ЖИЗНЬ
Ведь это ты спас меня, Славич! Я все вспомнил и всеосознал в ту ночь накануне сражения, в коем мне — увы и увы! — не довелось принять участие, за что стыд заливает всего меня с головы до ног. Как мог я столь беспечно отпроситься у тебя в этот горестный Мостовский бой, в коем мы потеряли Домаша и Кербета, да и я чуть было не покинул мир сей, получив несколько смертельных ранений и лишь чудом избежав преждевременной смерти. Да, чудом. И этим чудом была твоя молитва, Славич.
Я лежал в селе Узмень, в доме зажиточного мужика Владимира Гущи, меня ежедневно мучили, ворочая и перевязывая, сдабривая мои раны целебными снадобьями, обмывая меня, меняя подо мной постель. Они заботились обо мне так, будто я был отцом их семейства или даже зачинателем их рода. И дела мои быстро пошли на поправку. При мне постоянно находился мальчик-сирота по имени Ратмир, Мишка. Общаясь с ним, разговаривая, я продолжал возвращаться в наш мир, с коим мне не должно было расставаться столь рано.

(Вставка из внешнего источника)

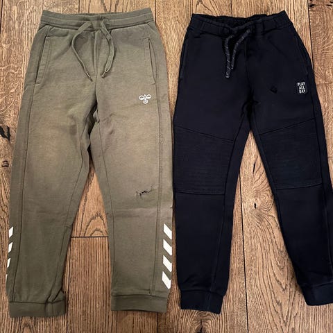 Myke og fleksible bukser fra Lindex i str 104. En mørkeblå, to mørkegrønne. Ingen merker eller slitasje utover at ‘merket’ er litt slitt på den ene, se bilde to.
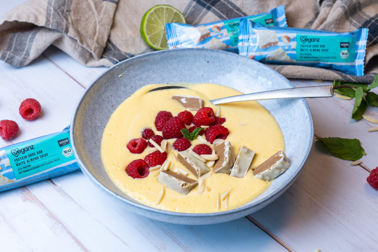 Vegan Mango Smoothie Bowl with White Almond Crisp ToppingWith the Organic Veganz Protein Choc Bar White Almond Crisp How about it? Have you had breakfast yet? If you need that extra boost of energy (in the morning), let us present a quick recipe for a vegan Mango Smoothie Bowl topped with the Veganz Protein Choc Bar White Almond Crisp. Energy to go with vegan protein Our protein bar on its own and the combination with fruity mango-coconut-yoghurt are the perfect companions when you’re on the go. The vegan Mango Smoothie Bowl is really quick and simple to make and is sure to give your lunch box that special kick! So creamy, so fruity, and oh so tasty. And the best thing: it’s a really satiating meal! Made with a mix of rice, pea, soya, and pumpkin seed protein, our Protein Choc Bar White Almond already provides a good portion of the good stuff. Just look beneath the surface of its crispy outer to discover the almonds and protein rice crispies. Add to that the versatile fruity yoghurt bowl, fresh raspberries, and even more almonds, and you’ve landed yourself a proper power pack in a bowl! Where to get hold of our Organic Veganz Protein Choc Bar White Almond Crisp Luckily, there are already a lot of places where you can get your hands on our protein bar to sweeten both your day and the Smoothie Bowl! Among the stockists are, e.g., Edeka, Rossmann, dm, Müller, and many other shops. For a full list, please look here. If you still struggle to find any when you’re out shopping, we’d encourage you to submit our Wish List to your local shop. Ingredients (1 Person) 200 g vegan natural coconut yoghurt 150 g frozen mango 1 tbsp maple syrup ½ lime (juice) 1 Veganz organic Protein Choc Bar White Almond Crisp 60 g raspberries 1 tbsp almond slivers mint to taste Portions Person: Got everything ready? Let's go! Place the vegan alternative to yoghurt, frozen mango, maple syrup, and juice of half a lime in the blender and purée until creamy and smooth. Pour into a bowl. Cut the Veganz Protein Bar into bite-sized pieces and wash the raspberries. Use them to garnish your puréed Mango Smoothie Bowl. Finish off the topping with some almond slivers and fresh mint. Bon appetit! Unsere Produkte für deine Rezeptkreation Quelle Recipe from: Hier kocht Alex Alexander Flohr, better known as "Hier kocht Alex" is not exactly the prototype vegan considering he is a master road builder. As a YouTuber, cookbook author, and TV chef, he shows with his recipes that you don’t have to do without as a vegan. From Königsberger meatballs to Soljanka, he brings well-known classics to the table in a purely plant-based version! Source: Hier kocht Alex Copyright: Hier kocht Alex
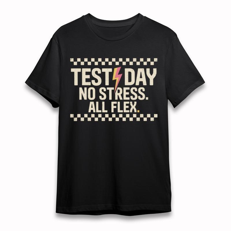 Women's Plus Size T-Shirt Test Day No Stress All Flex Retro Font Chessboard Tee — купить товар онлайн с бесплатной доставкой по всему миру!
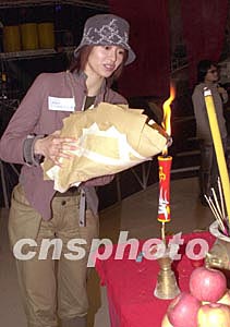 歌星梁詠琪12月5日在香港出席香港將軍澳電視城出席《第十五屆CASH流行曲創作大賽》彩排及拜神儀式,圖為梁詠琪在拜神儀式上化緣,祈求6日晚在大賽中有優異演出及獲獎。中新社記者:鄧慶樂
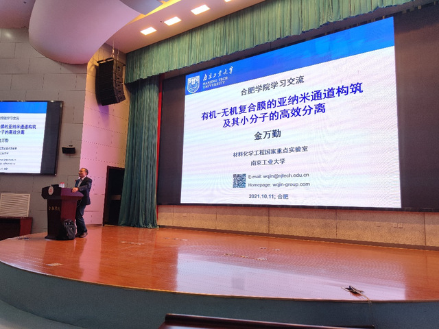 202110月12日上午9点,南京工业大学化工学院教授、材料化学工程国家重点实验室常务主任、“973”首席科学家、国务院特殊津贴获得者、英国皇家化学会会士、全国“黄大年式教师团队”负责人金万勤老师,在校图书馆学术报告厅 A厅面向全校青年教师和研究生,作题为“有机-无机复合膜的亚纳米通道构筑及其小分子的高效分离”的学术报告。合肥学院能源材料与化工学院院长董强教授主持了报告会。
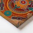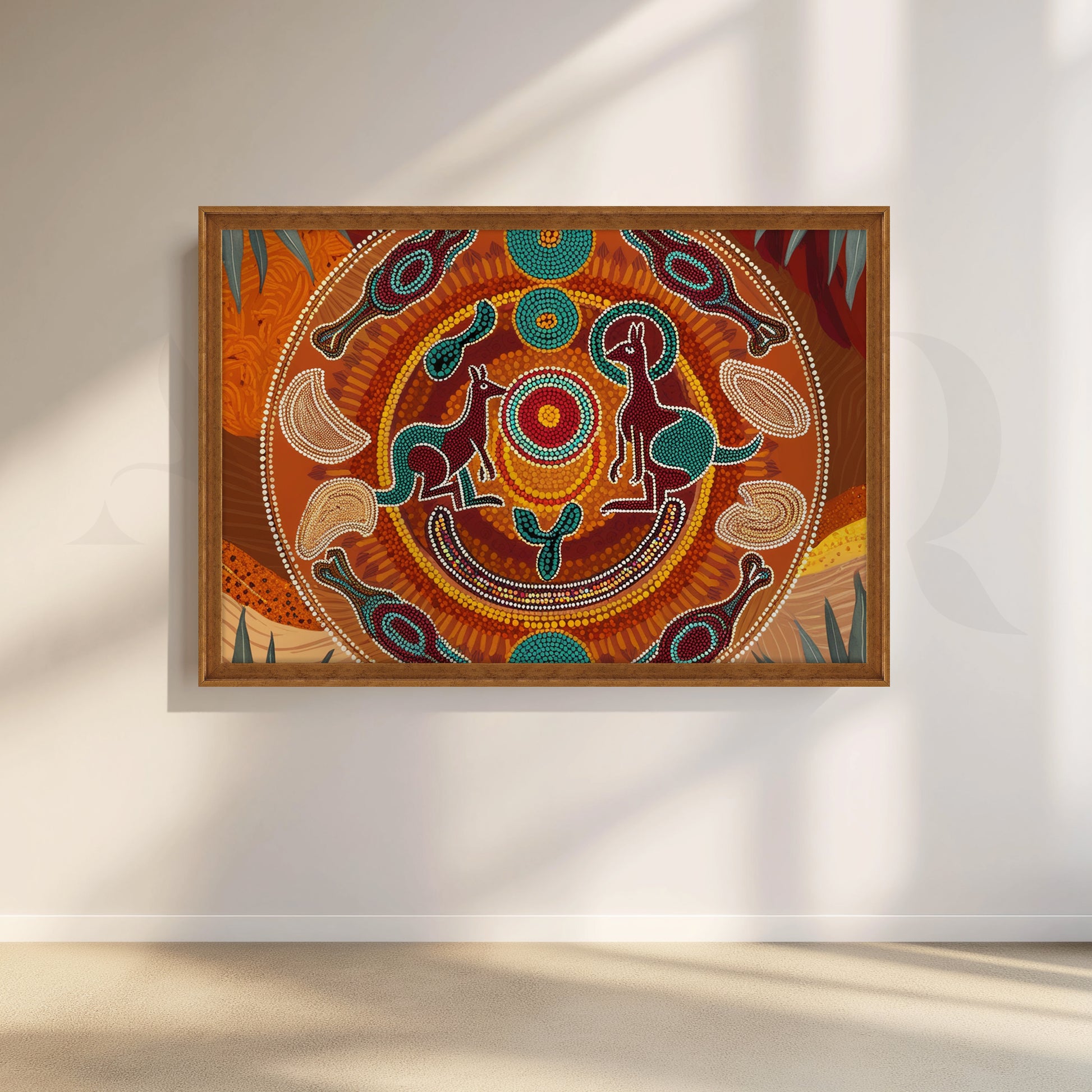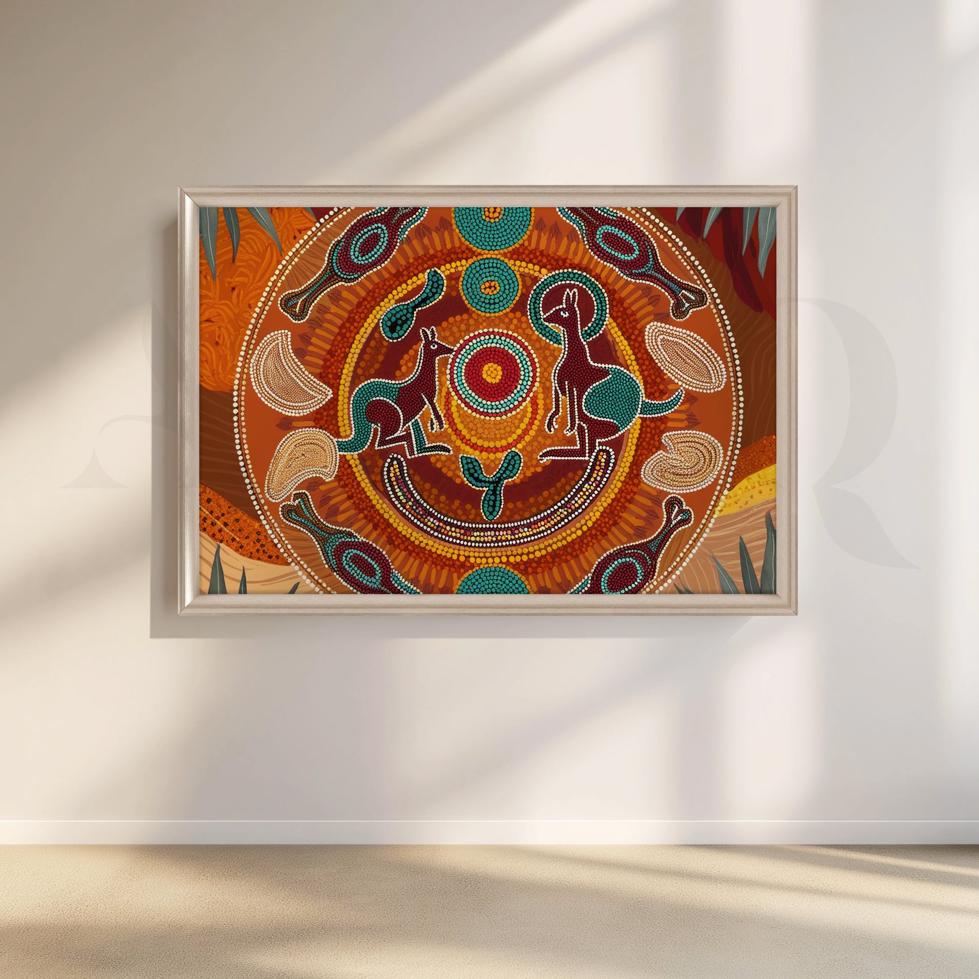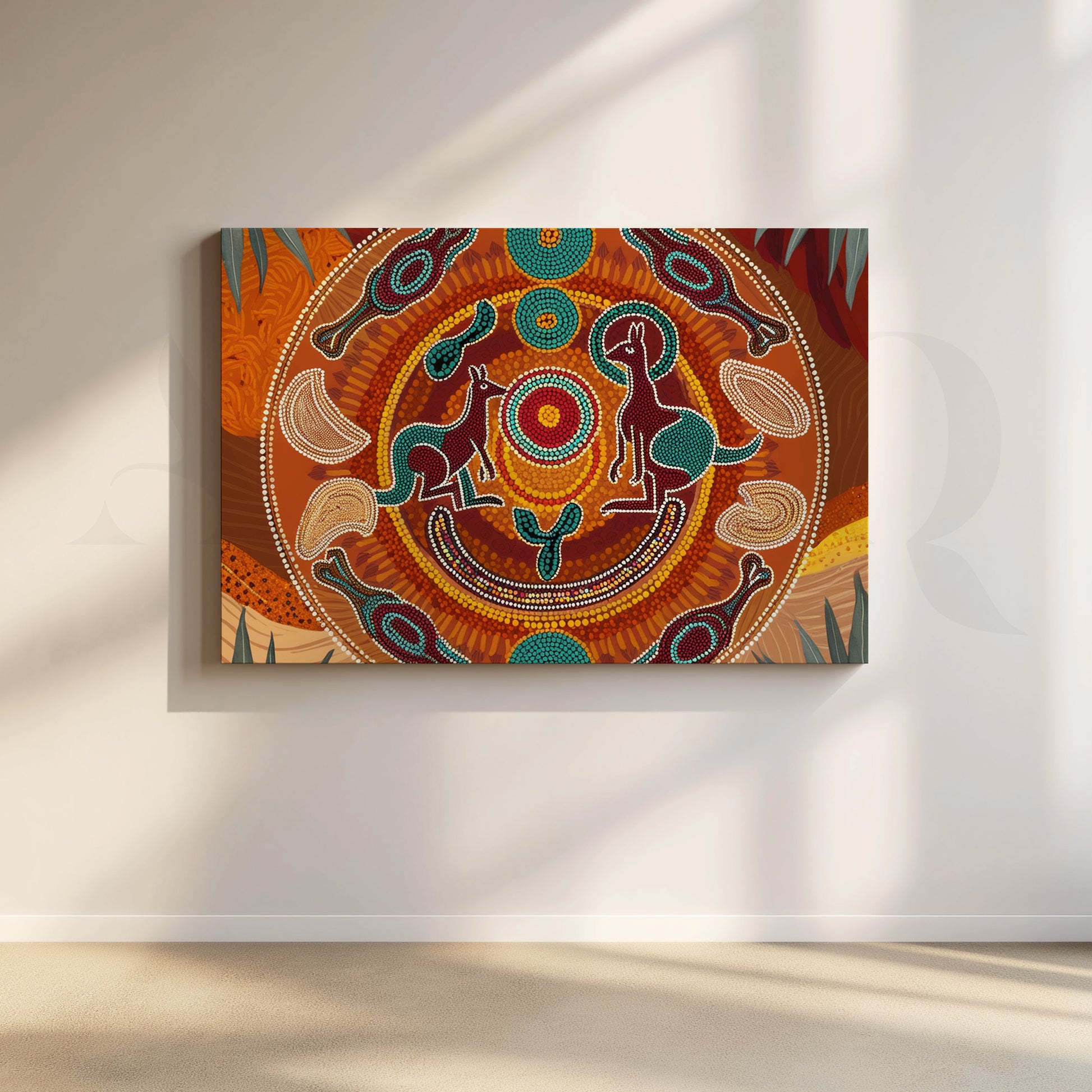 This Anciq artwork captures a mesmerizing tribal composition in warm ochre, teal, and brown tones—depicting kangaroos and native motifs within a radiant circular pattern. Perfect for living rooms or earthy-themed interiors. Keywords: tribal art canvas, aboriginal wall decor, earthy tone painting, circular ethnic artwork, nature-inspired wall art.
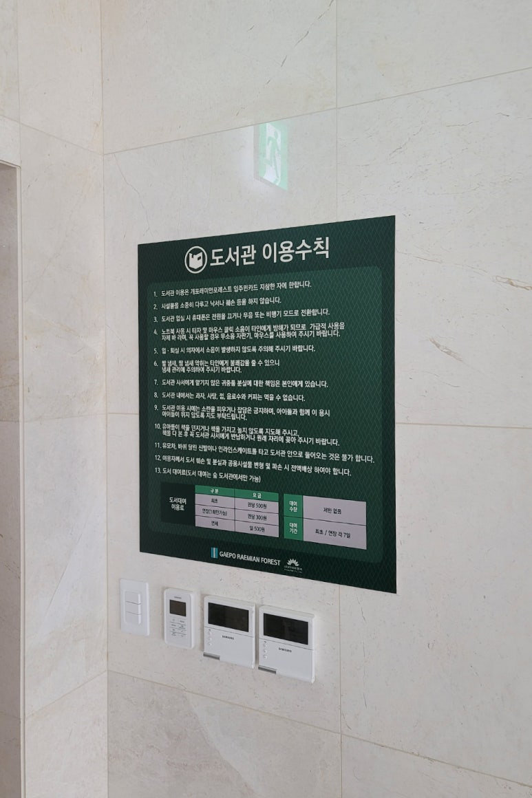 커뮤니티 시설 이용수칙 및 안내판과 스티커 제작 시공 리뷰를 하려고 합니다.
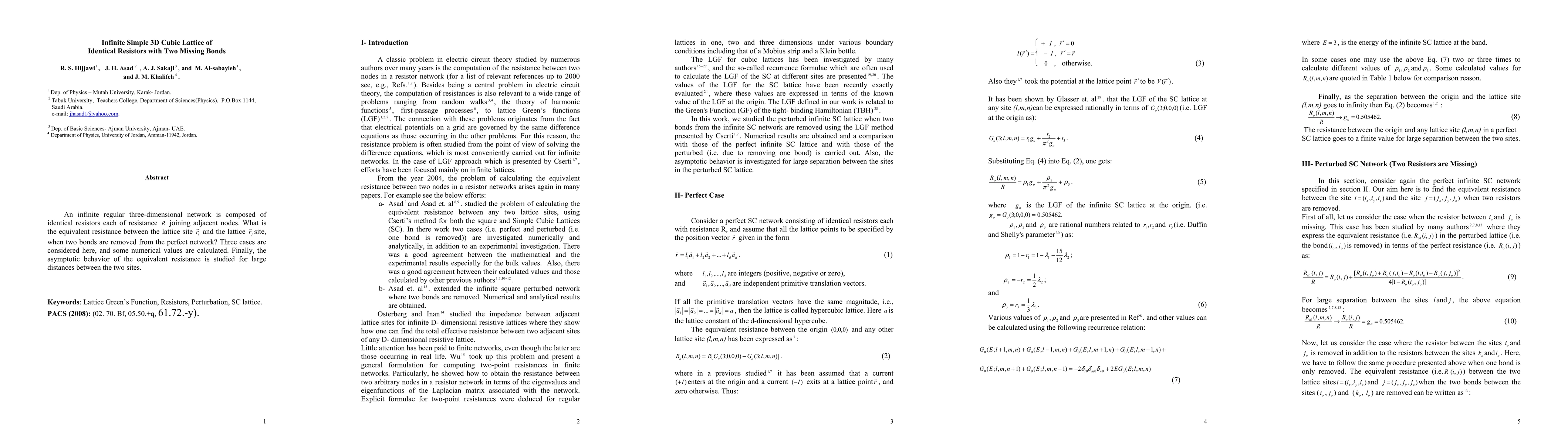 This paper investigates the equivalent resistance in an infinite 3D cubic lattice of identical resistors with two missing bonds. It examines three cases and calculates numerical values, focusing on the asymptotic behavior of resistance for large distances between lattice sites.

На пятый день после Мостовского боя я, братцы, почувствовал сильное улучшение, боли перестали так зверски грызть меня, в теле наступил долгожданный покой, а в голове — ясность. Я просил сегодня оставить меня, не мучить, но меня никто не послушал, и вновь они ворочали мое тело с боку на бок, обтирали мокрыми тряпками, заново перевязывали, удобрив снадобьями, и боль снова вернулась, но теперь ненадолго, и вечером я снова обрел покой и ясность сознания. Мишка сидел рядом и, видя, что я не сплю, спросил:
— А у тебя дети есть?
— Дети?..
— Ну да, дети.
— Нету, Ратмиша. Да я ведь и не женатый до сихпор. Вот какой печальный сказ мой. Помер бы — и некому было бы обо мне возрыдати. Ибо и я, как и ты, сирота горькая.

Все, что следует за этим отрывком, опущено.